There was one very interesting business rule, kind of a request that when a user gets recommended an episode coming from a from a podcast, right, and the user has never seen this podcast, then you should recommend him the first episode from this podcast.
This was the requirement, you know, and it was it was easy one to do, you know, but the thing is, it makes sense in some cases.
But some of the episodes are usually like they come from the same genre, but the episodes like among themselves are totally like the world for itself.
You know, so it doesn't actually make sense.
So this is how we argued.
So they were they were like, yeah, I remember there was once a summary, I guess it was performed by Spotify on broad set of podcasts and looking into their length and so on and so forth.
And they also distinguish into these two kinds of podcasts that there are.
And I guess also that Apple Podcast does this where you say, okay, you have episodic content and there's the other one I can't recall its name right now.
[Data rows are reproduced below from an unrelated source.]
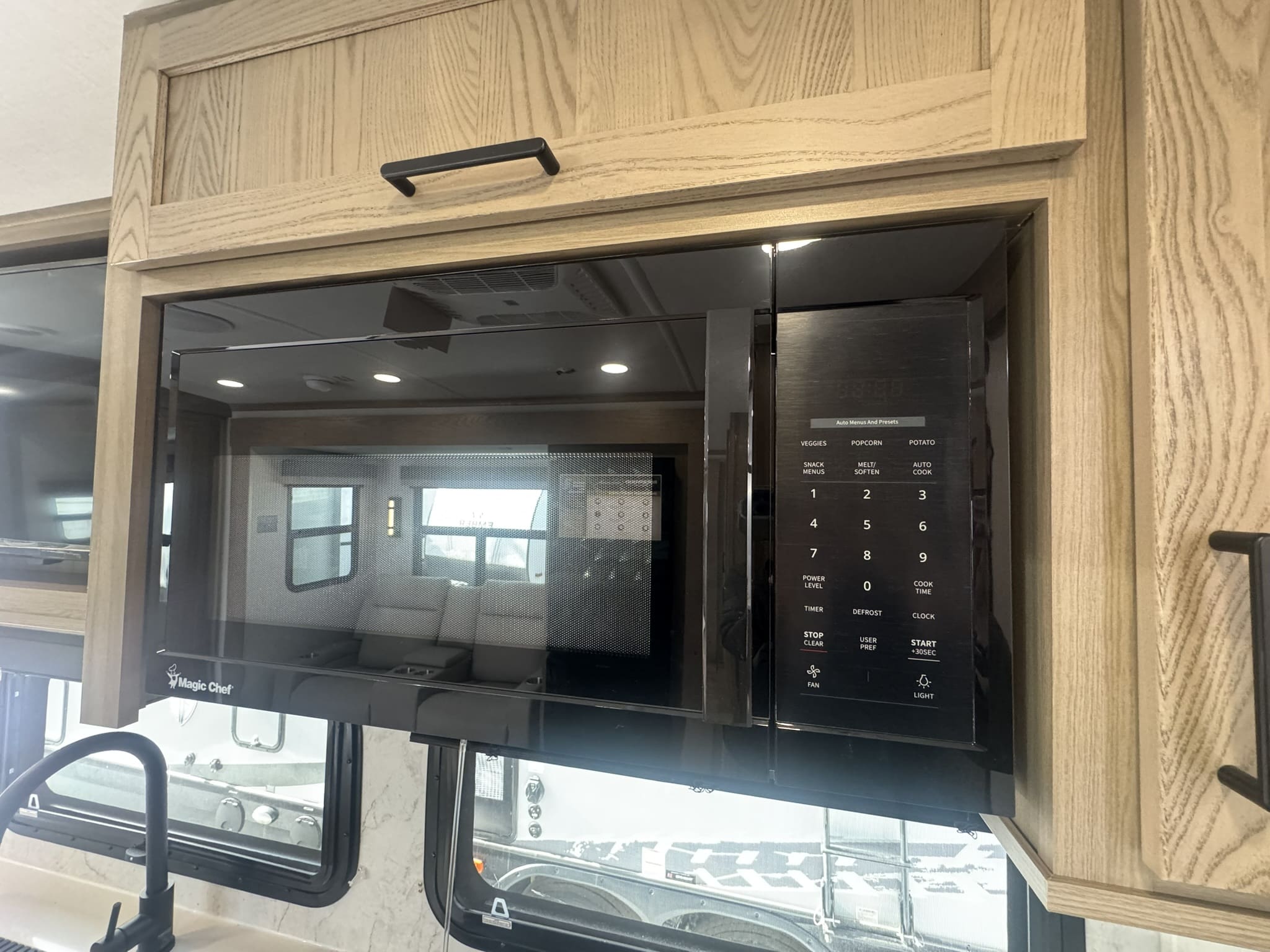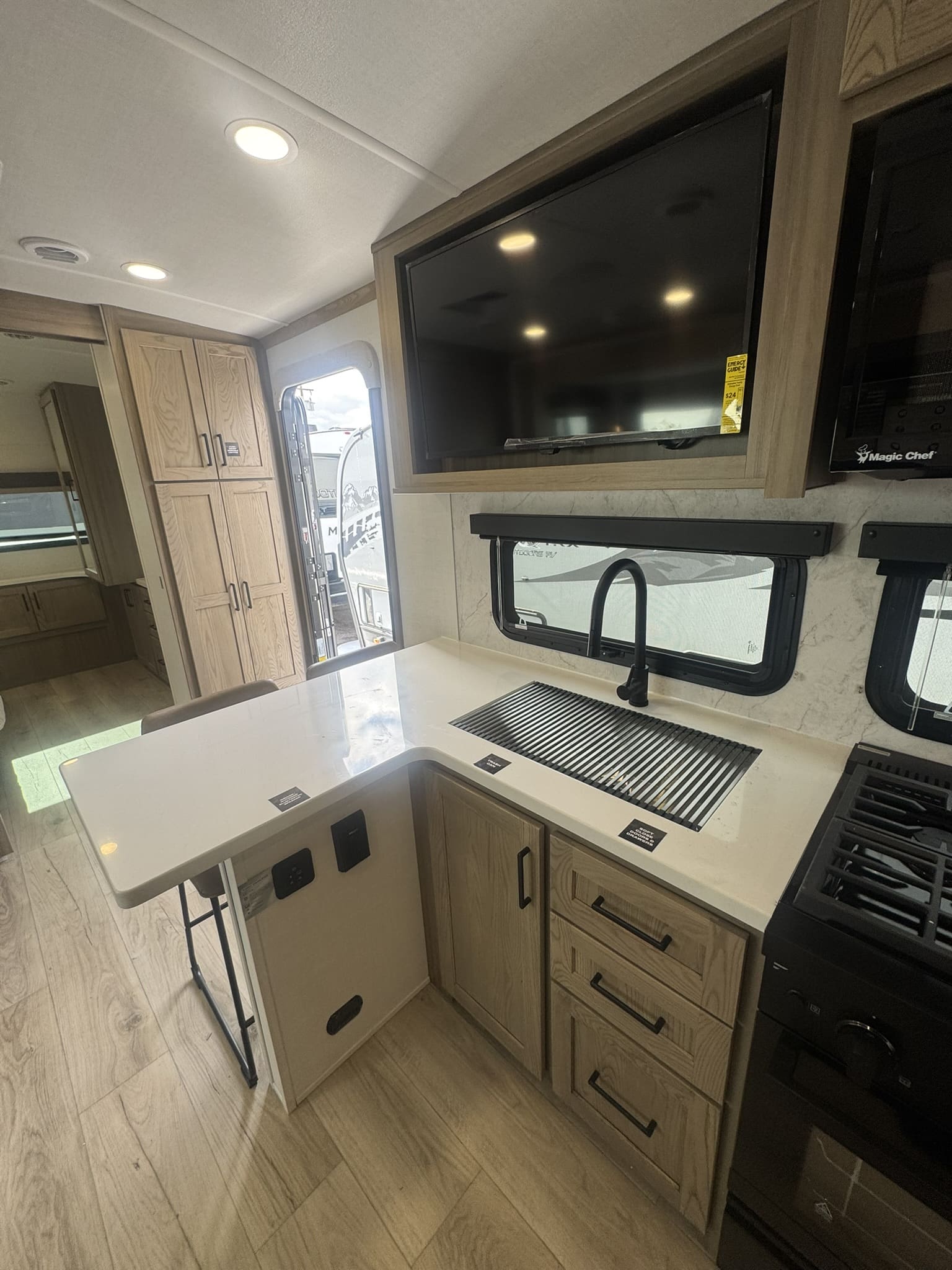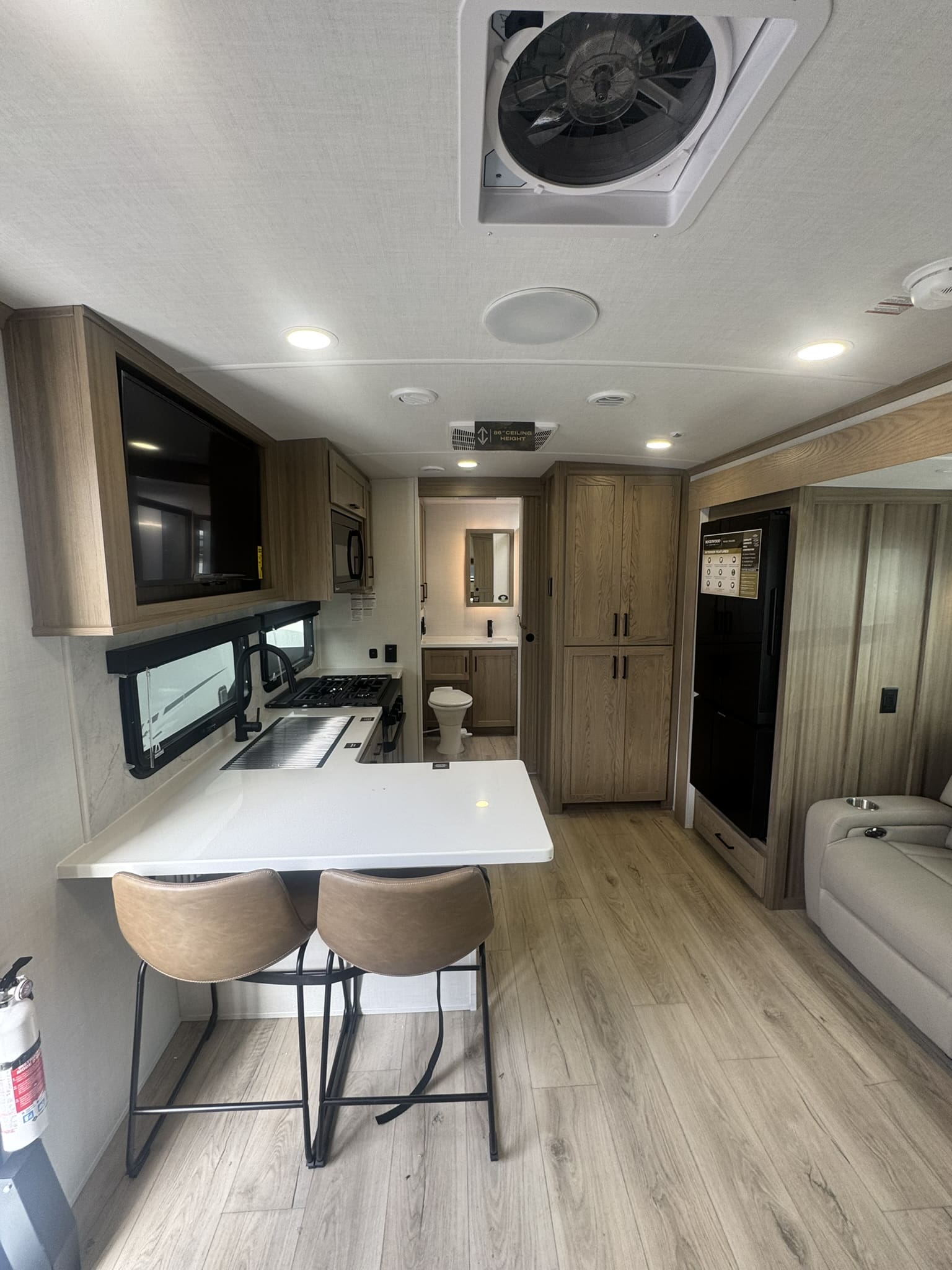Gourmet Kitchen: Equipped with a 12V refrigerator, residential-style gas range, and solid-surface countertops. It also includes a unique counter with stools for indoor dining.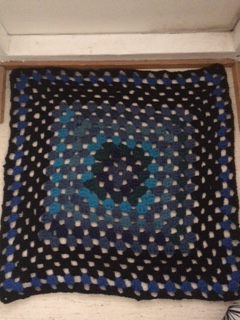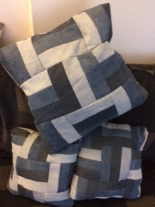 Päällinen tehty vanhoista farkuista ja sivut aikoinaan kirpparilta ostetusta farkuntapaisesta kankaasta (tulipas sekin käyttöön-viimein!). Hienosti sopii mielestäni uuden kodin sisustukseen 🙂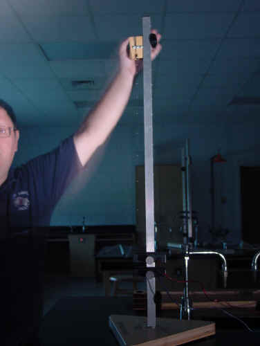 Setup gravity drop apparatus with photogates approximately 5 cm apart measured to the nearest 0.1 cm. Measure this distance from the middle of one eye to the middle of the other eye. Also measure distance from bottom of ball to the middle of the top photogate eye. Set timer on interval. Release ball and record the time. Repeat at the same settings. Move the release mechanism further down the stand making the same measurements. Continue until you have the time interval at 6 different distances. Repeat using the other type of marble. Calculations: Use the average time interval for each displacement. Calculate the average velocity at each displacement. The displacement used to calculate the average velocity is the distance between the photogates. The displacement used to calculate the acceleration is the distance from the bottom of ball at rest to the mid point between the photo gates. The initial velocity and initial displacement are 0.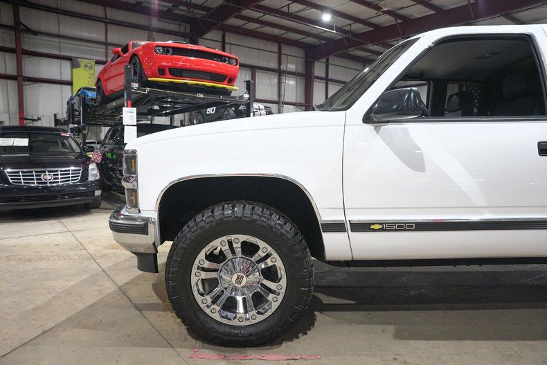GR Auto Gallery is excited to present this 1995 Chevrolet K1500 Silverado Z71 Off Road finished in Pearl White over a Black leather interior. This regular cab pickup carries the timeless styling that made the GMT400 generation trucks some of the most recognizable and beloved pickups of the 1990s. The Pearl White paint pairs nicely with the chrome bumpers and chrome grille, giving the truck a clean and classic appearance. The truck underwent full body repair and a professional repaint, and the finish today shows extremely well with paint that is near perfection. The body is very solid with no surface rust present underneath and all floor pans in good condition. Exterior updates include a new grille, new headlights and taillights with LED lighting upgrades, new front and rear bumpers, body side molding kit, wheel arch moldings, new door latches, fresh window tint, and a new windshield. Sitting on chrome XD Series wheels wrapped in Nitto Ridge Grappler HD tires and topped off with a Mostplus tonneau cover, the truck has a strong stance while still keeping the classic Silverado look.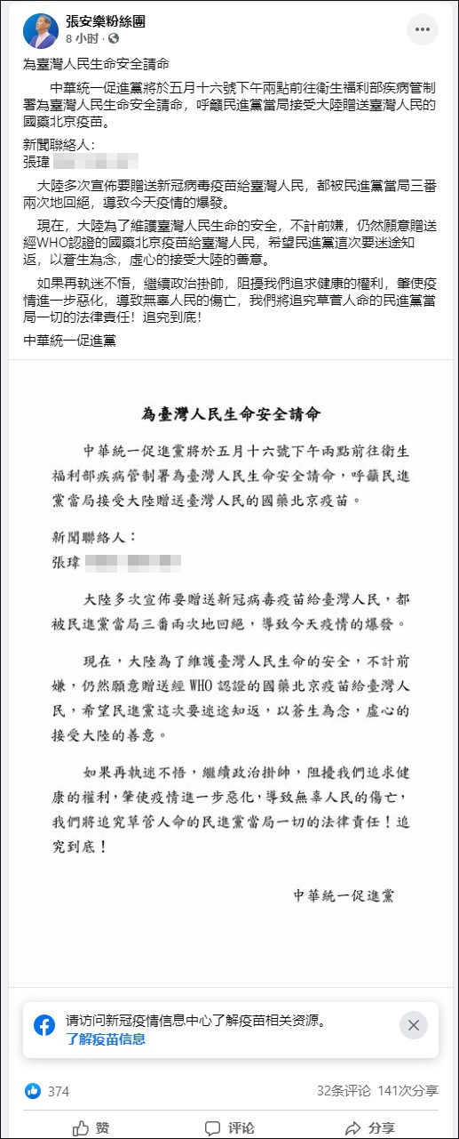 5月16日凌晨1时许,中华统一促进党(下称“统促党”)在社交媒体Facebook账号“张安乐粉丝团”(观察者注:张安乐,台湾地区政治人物,别名“白狼”,现任中华统一促进党总裁,主张两岸统一、一国两制等)上发文,称16日下午2点将前往台湾“卫生福利部疾病管制署”,“为台湾人民生命安全请命”,并呼吁民进党当局接受大陆赠送台湾人民的国药北京疫苗。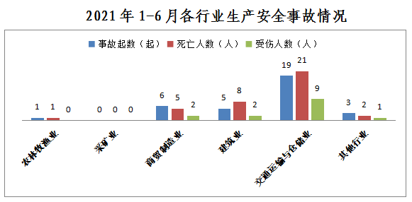 1-6月,全市共发生生产安全事故34起,其中农林牧渔业1起、占3%;商贸制造业6起、占17%;建筑业5起、占15%;交通运输和仓储业19起、占56%;其他行业3起、占9%。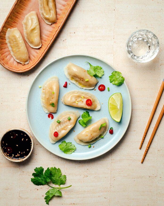 until all the liquid has evaporated. - Serve the gyozas with a spicy soy and coriander sauce.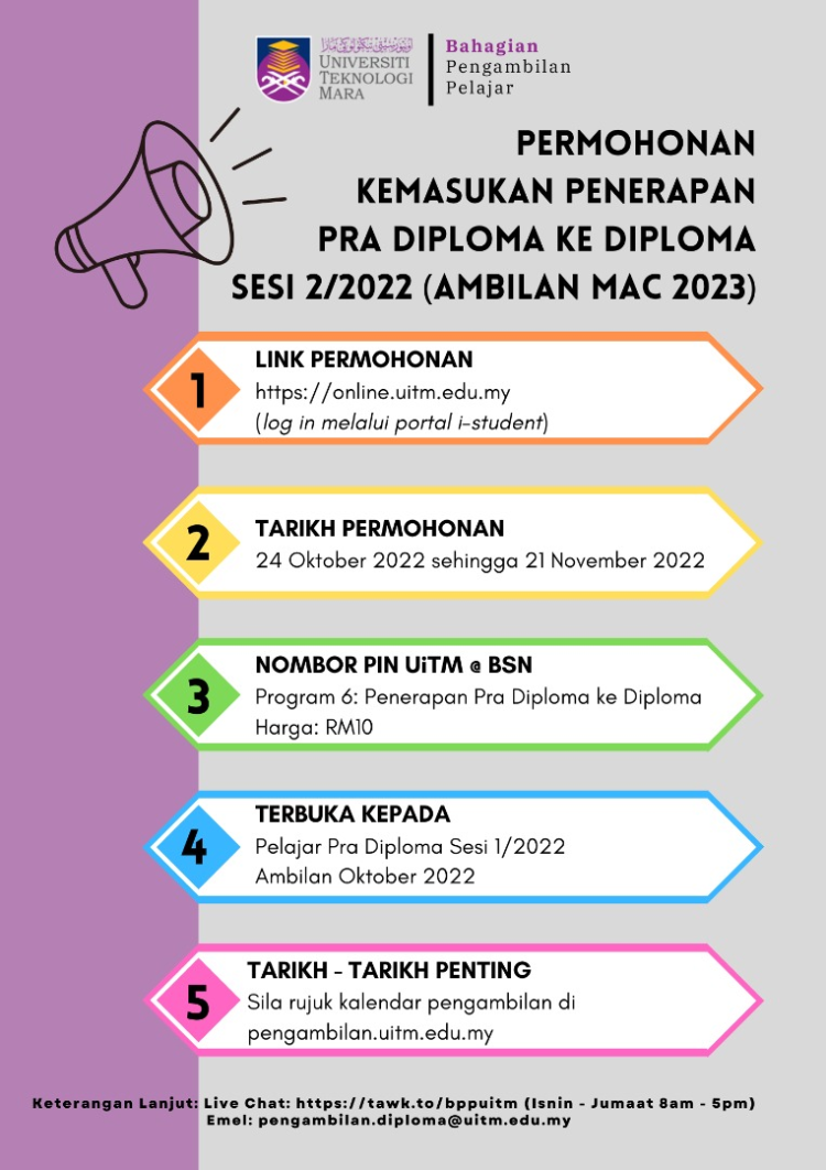 Untuk maklumat lanjut atau sebarang pertanyaan berkenaan permohonan peneraima program Pra Diploma ke Diploma UiTM, anda boleh terus emel ke alamat pengambilan.diploma@uitm.edu.my.
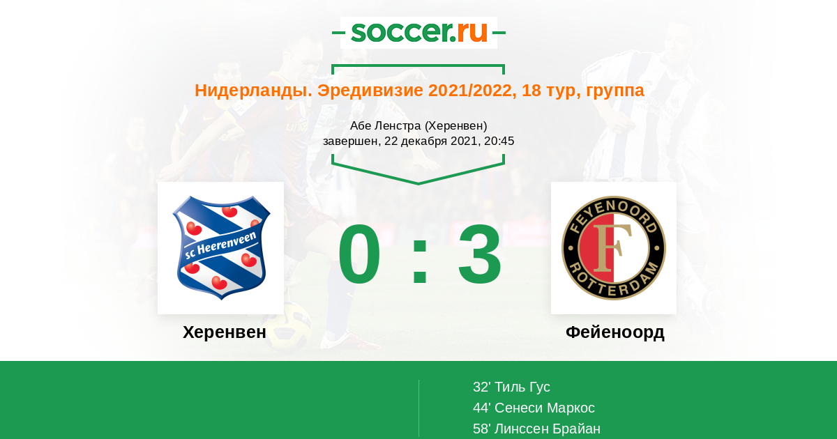 Протокол матча Херенвен против Фейеноорд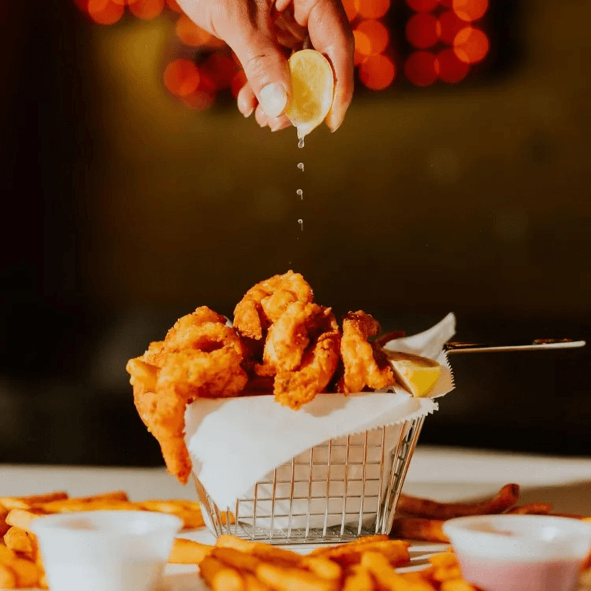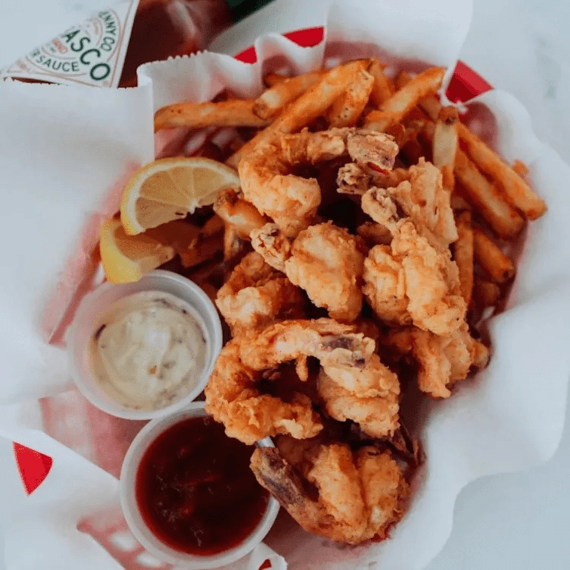 We are known for Oysters, Andouille Sausage, Shrimp, Fried Catfish, Calamari, Crawfish, Oyster, Crab, Fried Calamari, Lobster, and Fried Shrimp
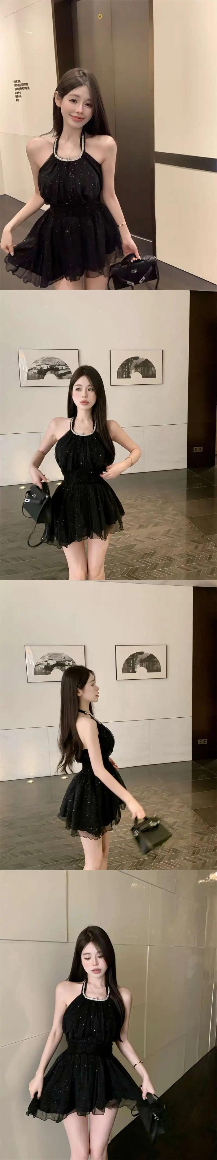 Sweet Girl ピンク レースアップ ネックマウント ストラップ ドレス レディース 夏 スリム フィット ノースリーブ A ライン ショート ドレス 大人ガーリー スウィート キュート カジュアル サマー 夏物 Aライン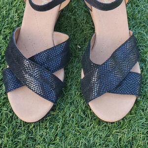 Clarks Soft Cushion Womens Helio Latitude Wedge Sandals with a Leather Upper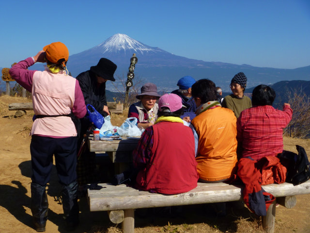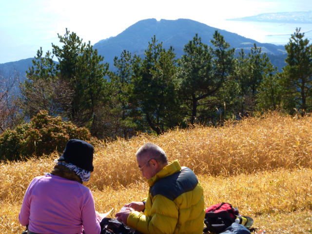 湯河原、泉から登られた女性二人でした。 ひとしきり眺め マイクロバスのある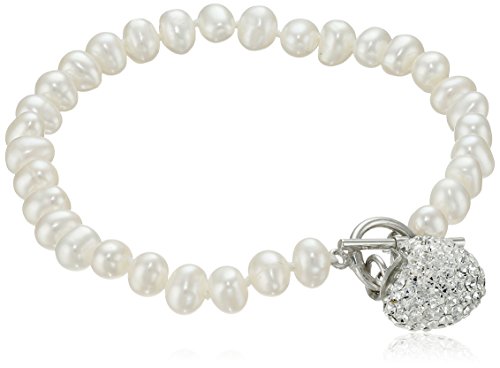 Jewelry set with cultured pearl necklace and bracelet each featuring toggle closure and heart-shaped sparkling charm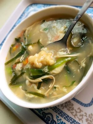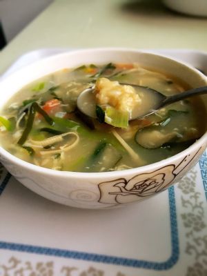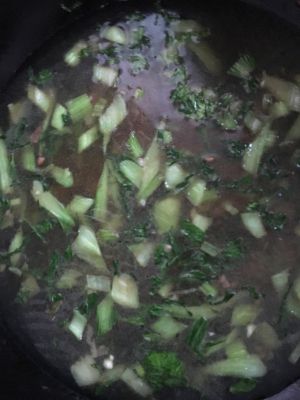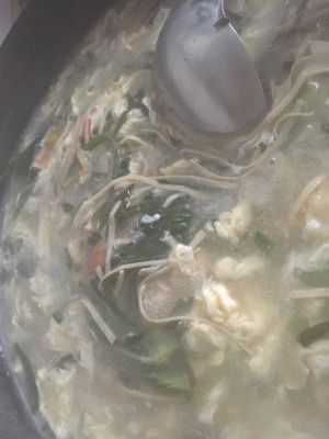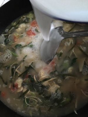 将洗面筋的水分次倒入,要看锅里汤的浓稀度分次倒入,最后煮开再煮一会,这时要不停搅拌防止粘底

But basically the content that you say and put there as a very reasonable counter argument to say there is also podcasts that can be consumed in any order.
You also said cold start.
So one of the main foundational problems in recommender systems for cold start users, what are your ideas there to use or to improve the audio tech?
This is a definitely an area, an area of improvement.
So this section, the content based section will always be provided.
But the the personalized section is where the problem is.
If the if the user is like completely new, if he has two or one interactions, we filter it out from the data set.
This is like we are cruel.
But as I said previously, the take minimum approach is for all other users that we scan the past history to see if there if there is some more interactions that we can pull from the past and integrate with the initial data set.
These are the current approaches.
But obviously, as you have identified, there is a large area to be explored with regard to the cold user problem.
In terms of diversity, I remember having had that discussion with Rishabh in one of our previous episodes that was around discovery and diversity so that you always want to provide users with the opportunity to discover new content.
But this doesn't necessarily translate into providing diversified content.
This is something that also resonates with you that you could based on the users and their histories distinguish into users with more narrow interest versus users with broader interests and that you might want to adapt a diversification approach to personal diversity traits of a users.
So, for example, that users with narrow taste profiles don't really want to see very diverse content and that you might also need to take into account this.
I guess there was a paper by Spotify where they were looking into this aspect.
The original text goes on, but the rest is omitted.